Adsorption kinetics of nitrate and phosphate ions on crab shell CTS and the CTS:PVA (1:2) composite: (a) PFO model, and (b) PSO model.

Figure 14

Adsorption kinetics of nitrate and phosphate ions on crab shell CTS and the CTS:PVA (1:2) composite: (a) PFO model, and (b) PSO model.

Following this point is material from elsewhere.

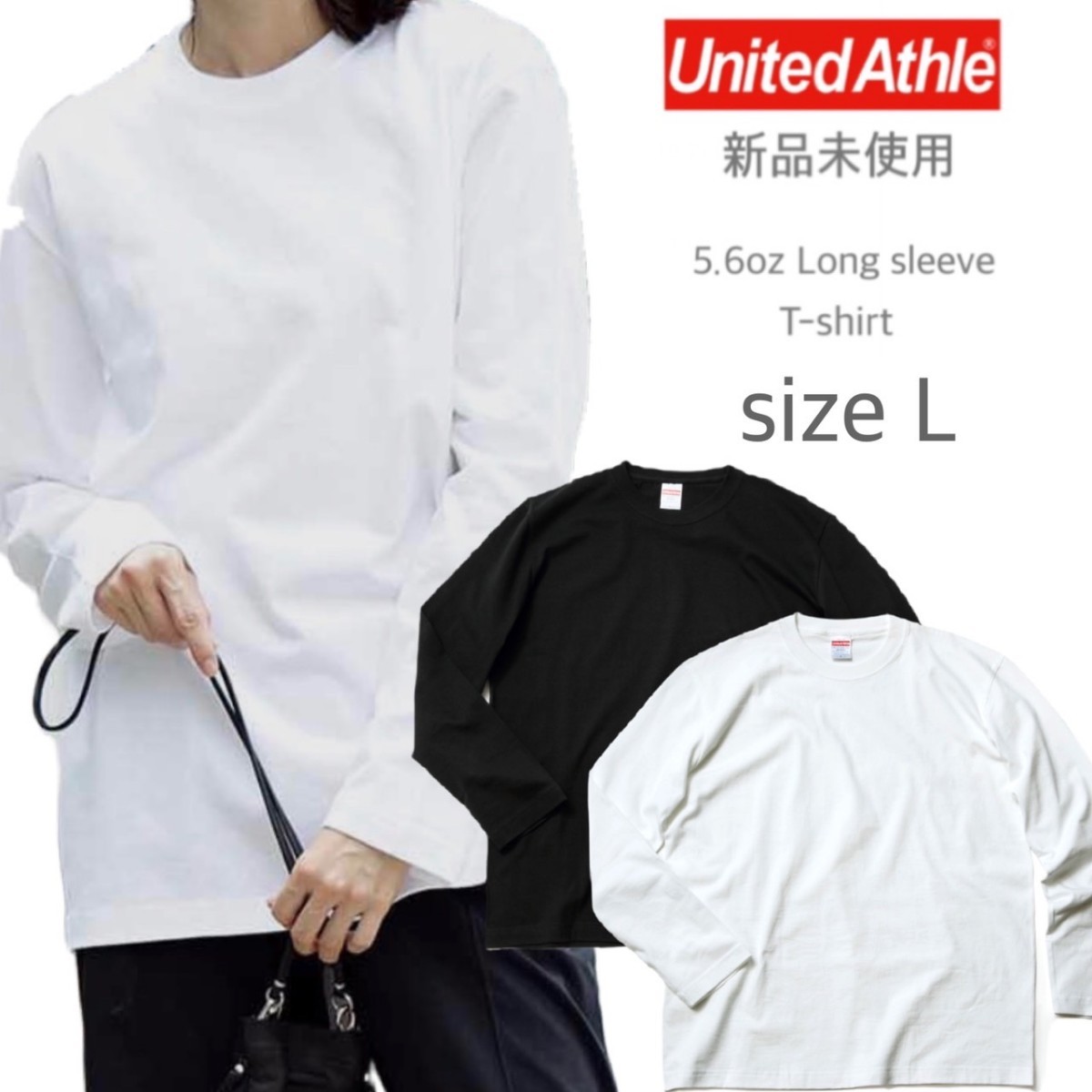 > 新品未使用 ユナイテッドアスレ 5.6oz 無地 ロンT 白 黒 2枚 L ホワイト ブラック 長袖Tシャツ United Athle 501001

Desorption and regeneration of the adsorbent

For the application of adsorption to water treatment, besides the adsorption capacity of the adsorbent, reusability also plays an equally important role. The ability of the adsorbent to be reused several times without significant reduction in efficiency reduces treatment costs, especially for high-cost adsorbents. Several factors affect the effectiveness of desorption, but binding strength appears to be the most important factor (Yang et al. 2020). In this study, nitrate and phosphate anions are adsorbed on chitosan composites via electrostatic interactions between these anions and the protonated amino group of chitosan in an acidic medium. Therefore, when NaOH is used as a desorbent, it can completely or partially neutralize the -NH3+ groups, nullifying the interactions between the composite and these anions. Hence, desorption occurs almost completely. In the adsorption–desorption experiment (Figure 15), the adsorption efficiency after six cycles remained mostly unchanged.

Figure 15

Reusability of the CTS:PVA (1:2) composite for the removal of nitrate and phosphate ions.

Figure 15

Reusability of the CTS:PVA (1:2) composite for the removal of nitrate and phosphate ions.

CONCLUSIONS

In this study, crab shell chitosan and a CTS/PVA composite were successfully synthesized. With 90% DD, as-synthesized chitosan did not contain inorganic mineral, as confirmed by FTIR spectroscopy, EDX analysis and titration. As-synthesized chitosan also exhibited better antibacterial properties against S. aureus than E. coli. Besides, when thin films were formed, these chitosan molecules exhibited small uniform particles with a size of 50–70 nm. The optimal conditions for the preparation of crab shell chitosan were derived by an optimized method that utilized the Box–Behnken design, such as an HCl concentration of 1.62 M, a protein removal time of 95.64 min and a deacetylation time of 177.3 min while simultaneously maintaining other conditions constant, as outlined in previous sections. The SEM image revealed that the CTS/PVA (1:2) composite was also successfully prepared with a width of 100–200 nm and a thickness of 20–30 nm. Among the investigated adsorbents, crab shell chitosan and the CTS/PVA (1:2) composite exhibited the highest adsorption efficiency for nitrate and phosphate ions. However, their ability to adsorb phosphate ions was better than that to adsorb nitrate ions, and the adsorption capacity of the CTS/PVA (1:2) composite was better than that of crab shell chitosan. The adsorption of these materials for phosphate and nitrate ions fitted well with the Langmuir isotherm adsorption model and pseudo-second-order adsorption kinetics. The adsorption efficiencies of composite material for nitrate and phosphate ions after six adsorption–desorption cycles were nearly unchanged. These results demonstrate potential for the use of the CTS: PVA (1:2) composite to adsorb nitrate and phosphate for wastewater treatment.

DATA AVAILABILITY STATEMENT

All relevant data are included in the paper or its Supplementary Information.